Information provided -
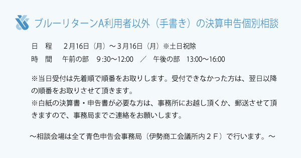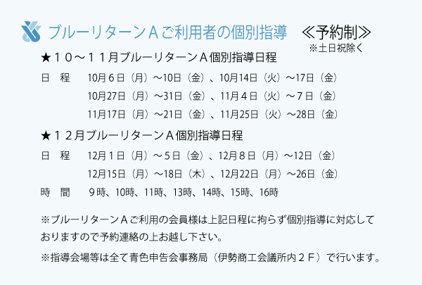 ■ブルーリターンA利用者の決算申告個別相談≪予約制≫
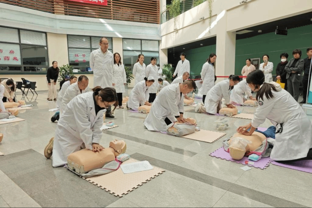 培训中,昆明医科大学第一附属医院急诊科医生张杰和刘晓雪围绕心肺复苏的概念、操作要点、心脏骤停的临床表现与诊断、心肺复苏的急救步骤以及电除颤的操作流程等方面,进行了全面而专业的知识讲解和示范。
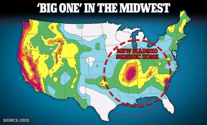 Он объяснил, что первоначальное землетрясение вдоль Нью-Мадридского разлома вызовет "цепную реакцию", включая повторный толчок магнитудой 6,5, который затронет районы от Тексарканы, штат Техас, до Оклахомы.

Task to carry out -
Using the material above, return every line exactly as it appears, minus the pictures.

Output -
 ■ブルーリターンA利用者の決算申告個別相談≪予約制≫
 培训中,昆明医科大学第一附属医院急诊科医生张杰和刘晓雪围绕心肺复苏的概念、操作要点、心脏骤停的临床表现与诊断、心肺复苏的急救步骤以及电除颤的操作流程等方面,进行了全面而专业的知识讲解和示范。
 Он объяснил, что первоначальное землетрясение вдоль Нью-Мадридского разлома вызовет "цепную реакцию", включая повторный толчок магнитудой 6,5, который затронет районы от Тексарканы, штат Техас, до Оклахомы.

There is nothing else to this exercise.